= Roshan Taneja =

Indian teacher of acting

Roshan Taneja (1931 - 10 May 2019) was a pioneer in teaching acting in India. He set up the acting department at the Film and Television Institute of India, and founded the Roshan Taneja School of Acting in Mumbai, India. He coached several actors from the Indian film industry. He also wrote and directed the Hindi film Abhi To Jee Lein (1977).

==Early life and career==
Taneja's family migrated from Kulachi, in the North Western Frontier Province (now in Pakistan) to Kanpur, India, where his father worked in a sugar mill. After the partition of India, his family settled in Lucknow, and he went to study at Delhi University. After graduating, he went to study acting in New York under a scholarship. He trained under director Sydney Pollack and Sandford Meisner at the Neighbourhood Playhouse School of Theatre, and learned method acting.

He returned to India and set up the acting department at the Film and Television Institute of India (FTII), Poona in 1963. He taught at the institute until 1975, conducting two-year acting courses, where the class included 10 male and 10 female students.
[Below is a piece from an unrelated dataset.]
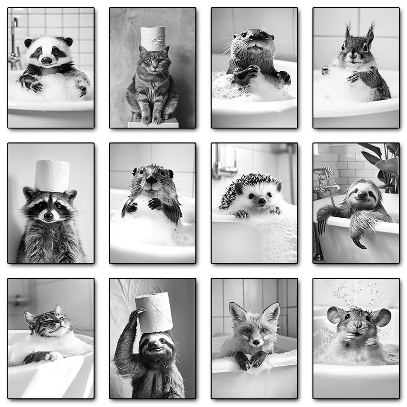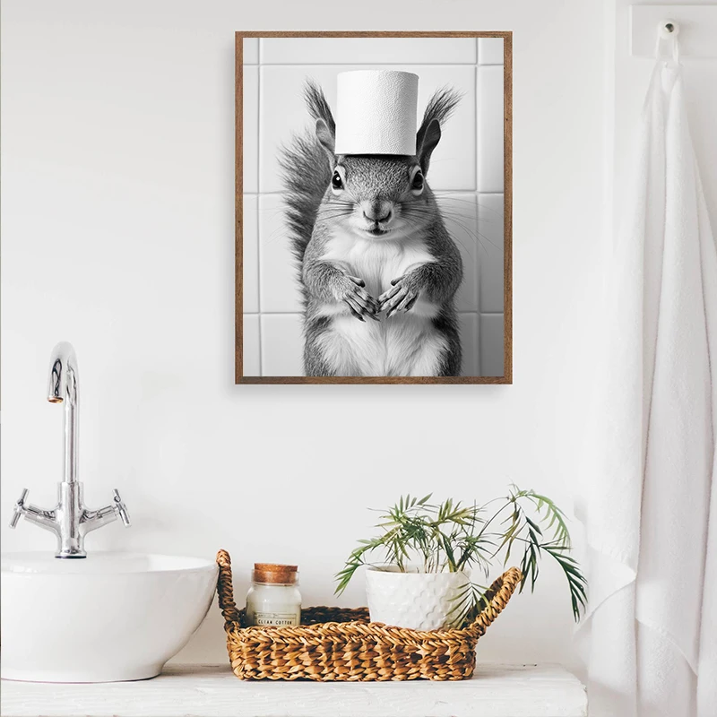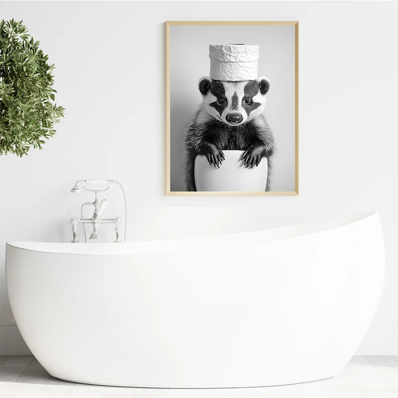 Black and White Raccoon Animal Poster Canvas Painting Wall Art Bathroom Living R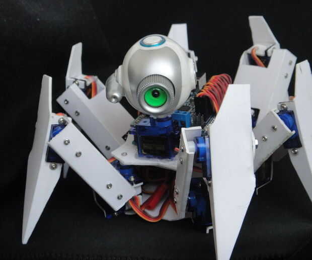 Un robot hexapodo es un vehículo mecánico que camina sobre seis patas. Puesto que un robot puede ser estáticamente estable en tres o más patas, un robot hexápodo tiene una gran flexibilidad en cómo se puede mover. Si las piernas se incapacita, el robot todavía puede ser capaz de caminar. Además, no todo de las piernas del robot es necesario para la estabilidad; otras piernas son libres de llegar a nuevas ubicaciones de pie o manipular una carga útil. Más de un robot hexápodos biológicamente están inspirados en locomoción de Hexapoda. Hexápodos pueden utilizarse para probar las teorías biológicas sobre la locomoción del insecto, control del motor y Neurobiología. 我的第一个机器人是六足机器人, 我给它起名:ET外星人, 是不是碉炸天呢? 这个机器人制作于2012年3月。 我设计的机器人每条腿有三个自由度, 头部有一个自由度。 它有19个舵机, 由Arduino开发板控制。 六足机器人是一种六条腿行走的机械移动平台。 由于机器人只要有三个或者多个腿支撑就可以保持稳定静止, 所以六足机器人移动起来具有很大的灵活性。 即使有的腿坏了, 机器人仍然能够行走。 此外, 并不是机器人每条腿都需要平稳落地; 其它的腿可以自由地移动或完成特定功能。 多数六足机器人是由六足运动生物启发的。 因此研究六足机器人有很大的意义, 可以被用来研究昆虫的运动, 电机控制, 神经生物学和生物理论。

His students included Jaya Bhaduri, Shabana Azmi, Naseeruddin Shah, Om Puri, Shatrughan Sinha, and Mithun Chakraborty. Shabana Azmi said that the acting lessons she learnt at the time continued to guide her later. By the late 60's, auditions for the course were happening at four centres - Delhi, Bombay, Calcutta and Madras, where one thousand candidates were shortlisted for the final auditions in Bombay.

At FTII, he directed the staff film Are We Doing All This? (1967) with Shatrughan Sinha on student life, and the short film Ode To Youth (1971).

He left FTII in 1975, and founded the Roshan Taneja School of Acting the following year. Initially it was called Taneja's Actors' Studio, and he conducted one-year acting courses. The faculty included his former students from FTII - Mithun Chakraborty, Benjamin Gilani, Tom Alter, Om Puri, and Geeta Khanna. Among the students who passed out from his first batch included Anil Kapoor, Gulshan Grover and Mazhar Khan. Taneja's other students included Parveen Babi, Kumar Gaurav, Sunny Deol, Sanjay Dutt, Govinda, Aamir Khan, Madhuri Dixit, Sunil Shetty, and Ajay Devgan.

In 2009, his students honoured him by celebrating 45 years of his teaching career. In 2017, FTII conducted an event "Guruvandana" in his honour.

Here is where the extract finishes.